RADIOBIOLOGY, RADIOPROTECTION AND DOSIMETRY

Alkaline gel electrophoresis assay to detect DNA strand breaks and repair mechanisms in Escherichia coli

José Carlos Pelielo de Mattos^* * Author for correspondence ; Ellen Serri da Motta; Márcia Betania Nunes de Oliveira; Flávio José da Silva Dantas; Adriano Caldeira de Araujo

Laboratório de Radio e Fotobiologia; Departamento de Biofísica e Biometria; Universidade do Estado do Rio de Janeiro; Av. 28 de Setembro, 87; 20551030; jcmattos@uerj.br; Rio de Janeiro - RJ - Brasil

ABSTRACT

Reactive oxygen species (ROS) can induce lesions in different cellular targets, including DNA. Stannous chloride (SnCl₂) is a ROS generator, leading to lethality in Escherichia coli (E. coli), with the base excision repair (BER) mechanism playing a role in this process. Many techniques have been developed to detect genotoxicity, as comet assay, in eukaryotic cells, and plasmid DNA agarose gel electrophoresis. In this study, an adaptation of the alkaline gel electrophoresis method was carried out to ascertain the induction of strand breaks by SnCl₂ in bacterial DNA, from E. coli BER mutants, and its repair pathway. Results obtained show that SnCl₂ was able to induce DNA strand breaks in all strains tested. Moreover, endonuclease IV and exonuclease III play a role in DNA repair. On the whole, data has shown that the alkaline gel electrophoresis assay could be used both for studying DNA strand breaks induction and for associated repair mechanisms.

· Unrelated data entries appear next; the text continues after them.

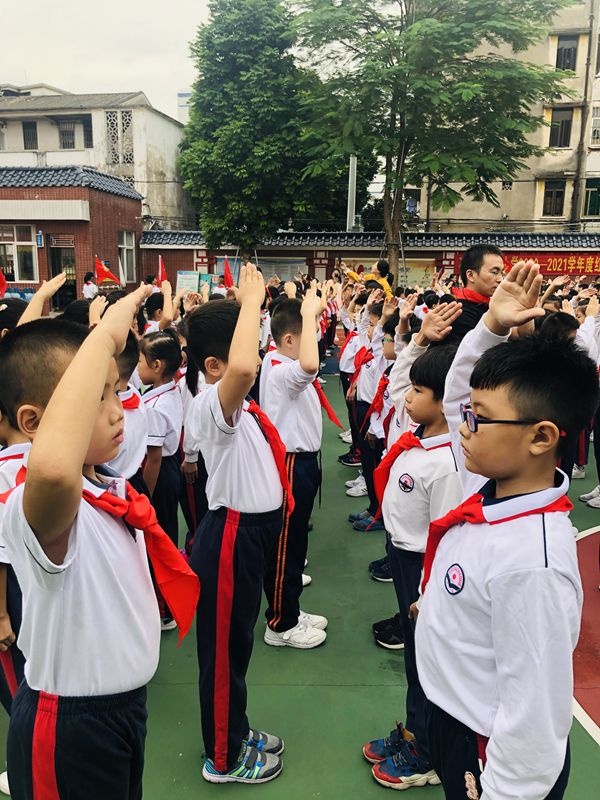 13日早上第一節課,在煙墩校區操場上,舉行 2020學年第一批新生入隊儀式。一、二、三年級全體師生參加活動。
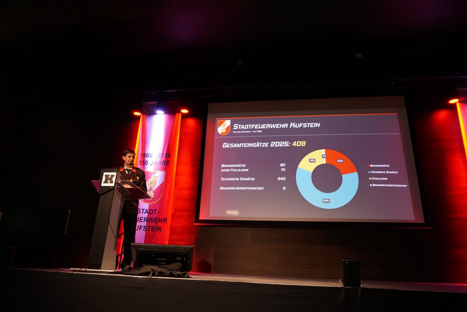 Im Rahmen der Versammlung wurde die Einsatzstatistik des vergangenen Jahres präsentiert. Die STADTFEUERWEHR Kufstein leistete 409 Einsätze und absolvierte 127 Übungen. Statistisch gesehen rückte die Feuerwehr im vergangenen Jahr damit etwa alle 21 Stunden zu einem Einsatz aus. Ein besonderer Dank gilt allen Mitgliedern für ihr Engagement und die investierte Zeit.
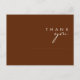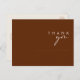 Esta tarjeta postal de agradecimiento de boda Simple Desert | Dark Cinnamon es exactamente lo que estás buscando para completar tu boda boho rústica moderna. Perfecta para un ambiente western minimalista vintage o un ambiente bohemio de otoño retro. La tipografía minimalista en blanco natural realmente resalta con este colorido fondo otoñal. Puedes elegir dejarla tal como está o personalizarla con tu propia obra de arte o fotos. Desplázate por la colección para seleccionar otros artículos que hagan que tu boda de otoño cante con autenticidad.
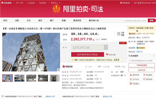 房訊網(wǎng)訊 4月7日10時(shí),中弘股份旗下物業(yè)北京中弘大廈在阿里拍賣平臺(tái)開拍,截至下午15時(shí),已有2人報(bào)名參拍,245人設(shè)置提醒,引起6萬余人次圍觀。此次拍賣將于4月8日10時(shí)截止。
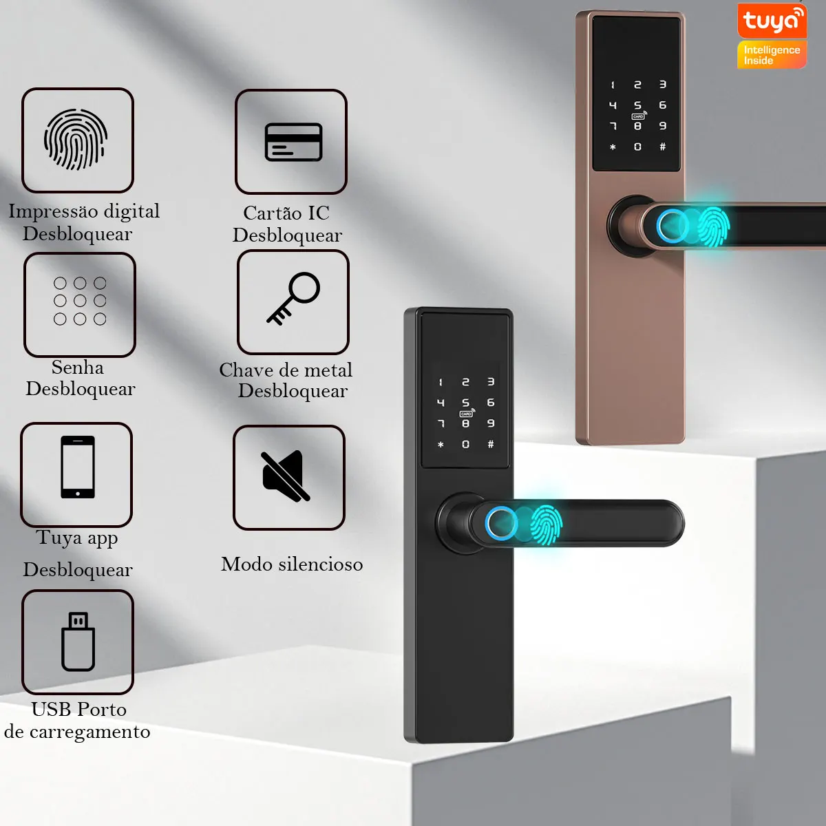 Tuya Wifi Electronic Smart Door Lock With Biometric Fingerprint / Smart Card / Password / Key Unlock/ USB Emergency Charge - Купить с бесплатной доставкой
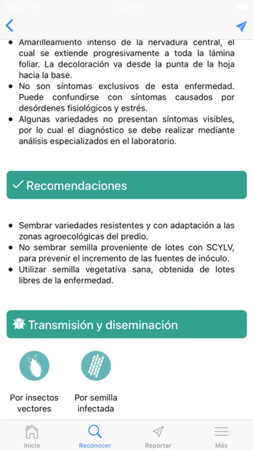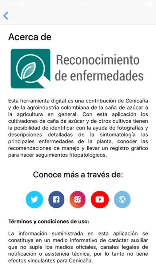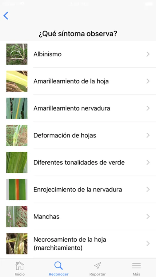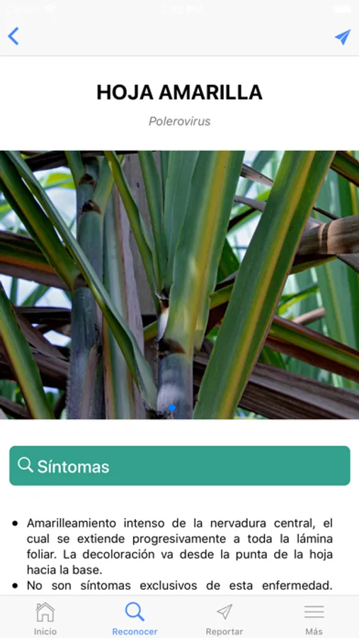 Herramienta que facilita el reconocimiento de las enfermedades que afectan el cultivo de caña de azúcar en Colombia mediante la identificación de síntomas y su diferenciación con otros factores que causan síntomas similares en el cultivo.
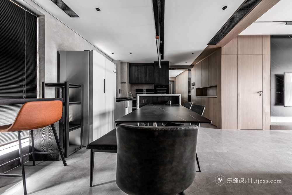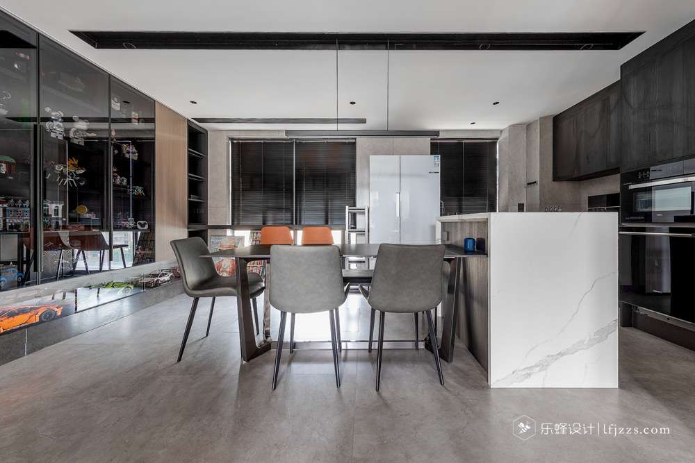 - 餐廳實景圖 - 餐桌椅選用了看起來比較時尚的造型同時顏色選取了跟整個空間比較搭配的顏色,餐廳跟廚房做成一體,顯得整個空間更加的大氣,讓平時烹飪的味道彌漫整個空間,給這個家帶來更溫馨的氣息。
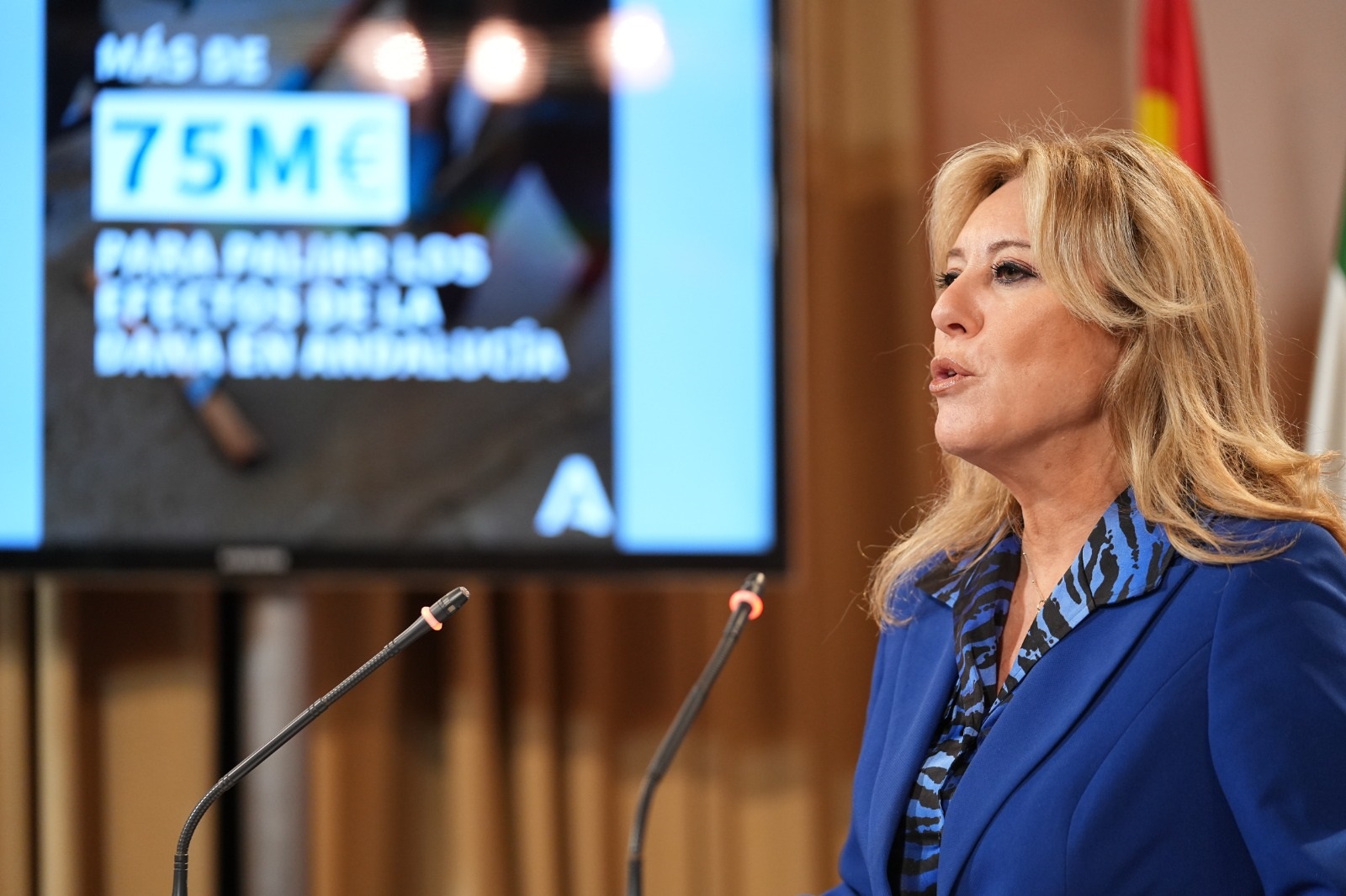 En rueda de prensa, la consejera de Economía, Hacienda y Fondos Europeos y portavoz del Ejecutivo andaluz, Carolina España, ha dado cuenta de los acuerdos adoptados en el Consejo de Gobierno, que, por primera vez, ha activado el decreto DANA, desde que se aprobó en diciembre de 2023.

Keywords:Alkaline gel electrophoresis, Escherichia coli, base excision repair, stannous chloride, DNA strand breaks, reactive oxygen species

RESUMO

Espécies reativas de oxigênio (ERO) podem induzir lesões em diferentes alvos celulares, incluindo o DNA. O cloreto estanoso (SnCl₂) é um gerador de ERO que induz letalidade em E. coli, sendo o reparo por excisão de bases (BER) um mecanismo importante neste processo. Técnicas como o ensaio cometa (em eucariotos) e a eletroforese de DNA plasmidial em gel de agarose têm sido utilizadas para detectar genotoxicidade. No presente estudo, uma adaptação do método de eletroforese em gel alcalino de agarose foi usada para verificar a indução de quebras, pelo SnCl₂, no DNA de E. coli, bem como a participação de enzimas do BER na restauração das lesões. Os resultados mostraram que o SnCl₂ induziu quebras no DNA de todas as cepas testadas. Além disso, endonuclease IV e exonuclease III estão envolvidas na reparação dos danos. Em resumo, os dados obtidos indicam que a metodologia de eletroforese em gel alcalino de agarose pode ser empregada tanto para o estudo de quebras no DNA, quanto para avaliação dos mecanismos de reparação associados.

INTRODUCTION

Several studies have pointed out that reactive oxygen species (ROS) can generate lesions in many cellular structures, including DNA (Marnett, 2000; Cooke et al., 2003; Halliwell and Whiteman, 2004). Among the ROS, hydroxyl radical (OH) has been described as a powerful oxidant, able to react with any molecule (Friedberg et al., 2006). Some authors have suggested that transition metals (Asad and Leitão, 1991; Kehrer, 2000), such as Fe(II), take part, as reducing agents, in OH formation through a Fenton reaction, a phenomenon also observed, in a Fenton-like reaction, with Cu(I) ions. Dantas and collaborators (1996) have described that stannous chloride (SnCl₂) is also able to produce ROS in a Fentonlike reaction. In the same article, the authors, by using ROS scavengers and antioxidant enzymes, have concluded that SnCl₂ induces lethality in Escherichia coli (E. coli), through ROS generation.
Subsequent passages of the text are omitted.